Problem to work on → In the listing below, find the line containing "Plinthe MDF chêne français 2 m Notre" and the line containing "хорошая сумка шоппер.", then copy exactly everything from the first through the second, except the pictures.
:: Records ::
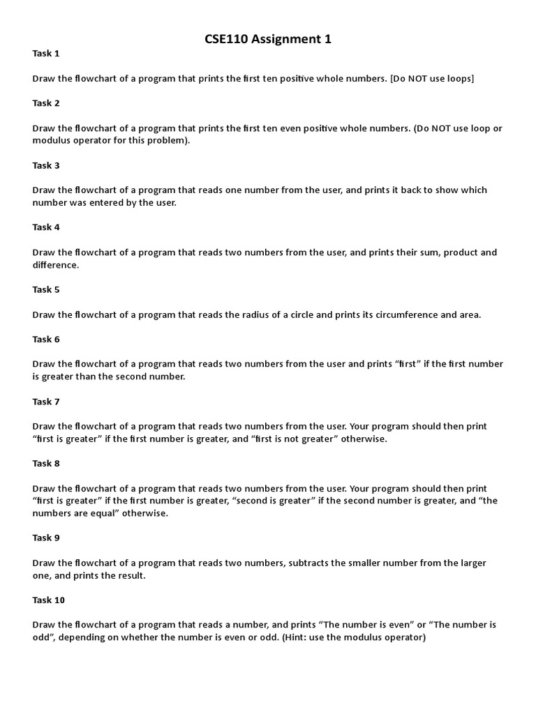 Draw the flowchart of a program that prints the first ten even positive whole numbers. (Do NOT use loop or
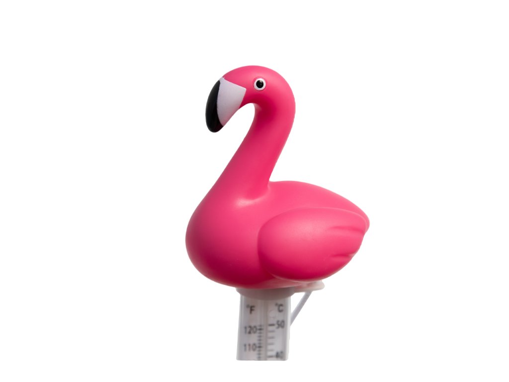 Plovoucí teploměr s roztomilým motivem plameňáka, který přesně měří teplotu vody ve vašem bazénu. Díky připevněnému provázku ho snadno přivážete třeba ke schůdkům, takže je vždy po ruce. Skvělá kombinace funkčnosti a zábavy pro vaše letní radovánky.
:::
:: Records ::
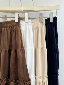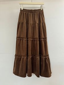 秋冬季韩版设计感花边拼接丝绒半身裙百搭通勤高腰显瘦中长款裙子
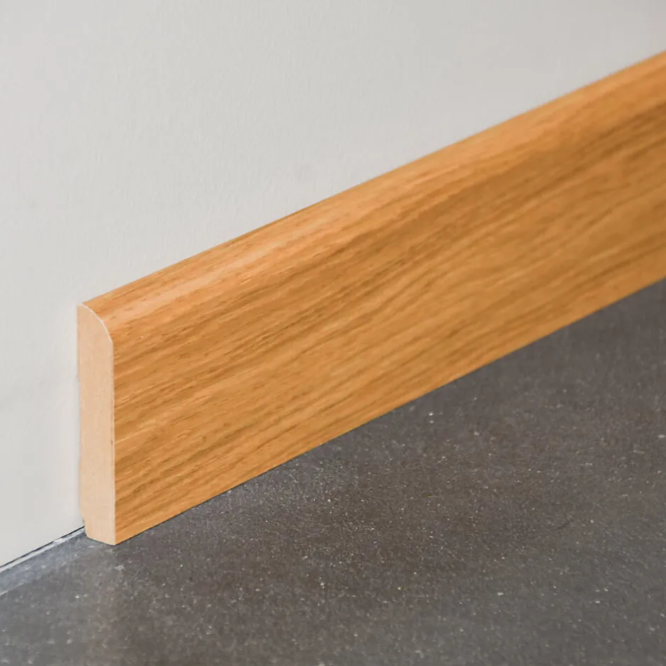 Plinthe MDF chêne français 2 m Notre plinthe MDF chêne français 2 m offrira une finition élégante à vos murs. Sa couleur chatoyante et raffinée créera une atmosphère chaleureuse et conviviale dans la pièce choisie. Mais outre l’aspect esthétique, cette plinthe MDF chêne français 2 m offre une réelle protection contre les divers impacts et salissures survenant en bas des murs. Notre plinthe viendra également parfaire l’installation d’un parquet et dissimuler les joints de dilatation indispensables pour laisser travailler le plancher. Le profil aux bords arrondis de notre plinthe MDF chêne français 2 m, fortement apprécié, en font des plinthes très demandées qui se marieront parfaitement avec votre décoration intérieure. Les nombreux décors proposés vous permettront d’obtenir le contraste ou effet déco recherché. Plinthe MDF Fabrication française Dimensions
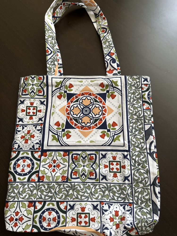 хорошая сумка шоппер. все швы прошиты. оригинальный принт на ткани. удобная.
:::
:: Records ::
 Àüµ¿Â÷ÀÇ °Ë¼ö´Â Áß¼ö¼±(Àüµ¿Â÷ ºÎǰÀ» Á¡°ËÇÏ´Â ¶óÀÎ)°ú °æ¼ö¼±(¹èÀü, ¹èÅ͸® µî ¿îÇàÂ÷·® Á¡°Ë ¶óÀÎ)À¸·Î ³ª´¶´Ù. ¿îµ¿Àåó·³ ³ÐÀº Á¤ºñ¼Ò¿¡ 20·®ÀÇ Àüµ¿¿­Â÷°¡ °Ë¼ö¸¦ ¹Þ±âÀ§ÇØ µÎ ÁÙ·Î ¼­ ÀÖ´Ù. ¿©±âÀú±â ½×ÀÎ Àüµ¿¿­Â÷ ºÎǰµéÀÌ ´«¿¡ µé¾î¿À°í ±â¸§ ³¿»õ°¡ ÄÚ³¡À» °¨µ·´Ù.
:::
Solution for this problem →
 Plinthe MDF chêne français 2 m Notre plinthe MDF chêne français 2 m offrira une finition élégante à vos murs. Sa couleur chatoyante et raffinée créera une atmosphère chaleureuse et conviviale dans la pièce choisie. Mais outre l’aspect esthétique, cette plinthe MDF chêne français 2 m offre une réelle protection contre les divers impacts et salissures survenant en bas des murs. Notre plinthe viendra également parfaire l’installation d’un parquet et dissimuler les joints de dilatation indispensables pour laisser travailler le plancher. Le profil aux bords arrondis de notre plinthe MDF chêne français 2 m, fortement apprécié, en font des plinthes très demandées qui se marieront parfaitement avec votre décoration intérieure. Les nombreux décors proposés vous permettront d’obtenir le contraste ou effet déco recherché. Plinthe MDF Fabrication française Dimensions
 хорошая сумка шоппер. все швы прошиты. оригинальный принт на ткани. удобная.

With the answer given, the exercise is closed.